**EXERCISE DESCRIPTION:**
Omit the pictures and print exactly the lines of the listing below, starting at the first and ending at the line containing "Más de 12.500".

**INPUT MATERIAL:**
* * * * * * *

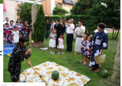
福田家集合！！がんばれ！おにーちゃん！！しっかり応援する両親と妹さん
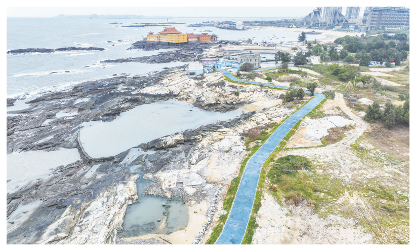
近日,记者前往洛伽寺—观音山段看到,又一段湛蓝的临海慢道建成,让“十里黄金海岸”观光栈道持续完善。“目前,海洋世界—洛伽寺入口段刺路灯待安装,洛伽寺—观音山段刺一座栈桥和观景平台还需铺装面层,年底就可以完工。”城建公司相关负责人介绍道。(记者康清辉 李荣鑫)
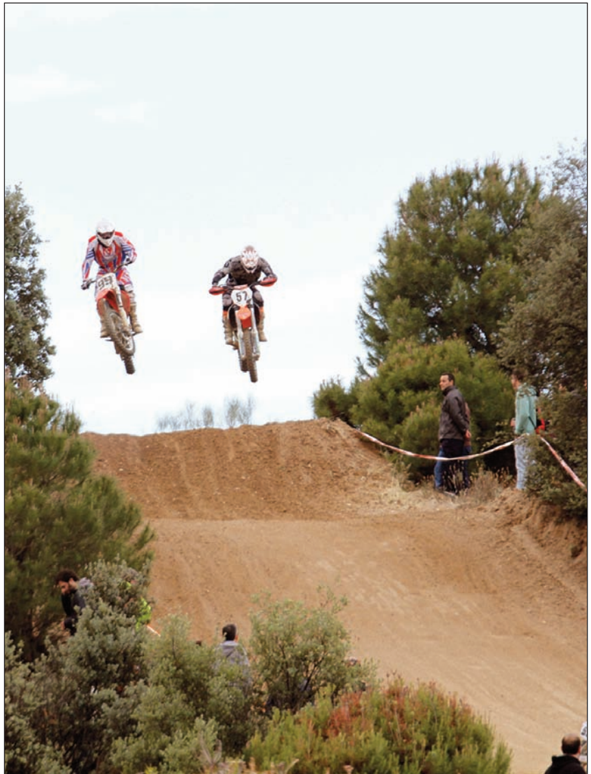
Más de 12.500 visitantes pasaron por la tercera edición de MotoEvent.

Las principales marcas del sector estuvieron presentes con sus últimos modelos, que los asistentes pudieron conducir por la pista de pruebas antes de que salgan a la venta en 2013. La industria auxiliar tampoco se perdió la cita y hubo expositores de moda motera, componentes, aceites y neumáticos, agencias de viajes, escuelas Off-Road, seguros, remolques o nutrición. Como novedad este año, la organización habilitó una Zona Outlet Moto de Ocasión que sirvió de escaparate para que tanto particulares como profesionales pudieran mostrar sus vehículos y ponerlos a la venta.
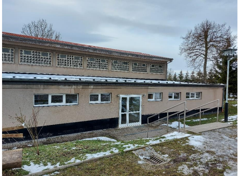
Außenansicht Turnhalle + Sozialtrakt
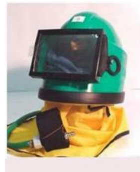
Avec chasuble nylon

Casque de sablage avec fenêtre rectangulaire (115 x 165 cm) équipé d'un écran en polycarbonate avec écrans de protection jetables.
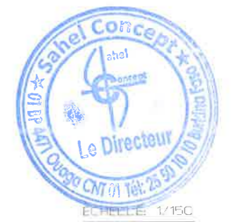
PLAN D'ELECTRICITE RDC
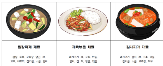
▲ 음식에 필요한 식재료 카드
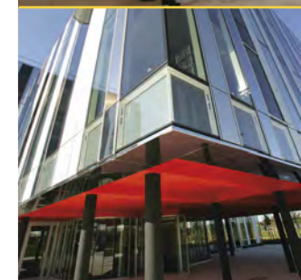
Au Carré ou à Bois Sénart, les grands projets novateurs trouvent à Sénart une terre d'élection.
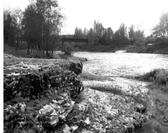
Мыза Гавриловское. Выходы известняка.
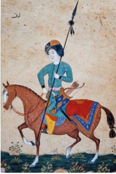
Görsel 3:Levni süvari adlı minyatürü (TSMK, Hazine, Albüm, nr. 2143, vr. 13b)

18.yy'a gelindiğinde dönemin en önemli minyatür ustası Levni görülmektedir. "Levni'nin asıl adı Abdülcelil Çelebidir. Lale Devri'nin canlı eğlence hayatını da canlandırmıştır. O, Lale Devri'nin 15 gün bayramlarını, III. Ahmet'in kızlarının düğünleriyle erkek çocuklarının sünnet düğünlerini, renkli ve hareketli anlatımı içinde yansıtmaktadır. Kişilerin karakteristik özelliklerini başarılı bir şekilde yorumlamıştır. "Vücut hareketleri, ellerin doğru görüntüye uygun çizimleri, Lale Devri'nin Batı'da olan Barok gözleme ne denli yakın olduğunu gösteriyor. Ancak onun resimlerinde Batı etkisinden söz edilemez. Ağaçlar, kuşlar, saksaganlar, zarif hareketler içinde verilmiştir. Ayrıca dikkatli gözlem, bitkilerin deseninde de görülmektedir." (Turani, 2014,667-668).

* * * * * * *

**SOLUTION FOR THIS PROBLEM:**
福田家集合！！がんばれ！おにーちゃん！！しっかり応援する両親と妹さん
近日,记者前往洛伽寺—观音山段看到,又一段湛蓝的临海慢道建成,让“十里黄金海岸”观光栈道持续完善。“目前,海洋世界—洛伽寺入口段刺路灯待安装,洛伽寺—观音山段刺一座栈桥和观景平台还需铺装面层,年底就可以完工。”城建公司相关负责人介绍道。(记者康清辉 李荣鑫)
Más de 12.500 visitantes pasaron por la tercera edición de MotoEvent.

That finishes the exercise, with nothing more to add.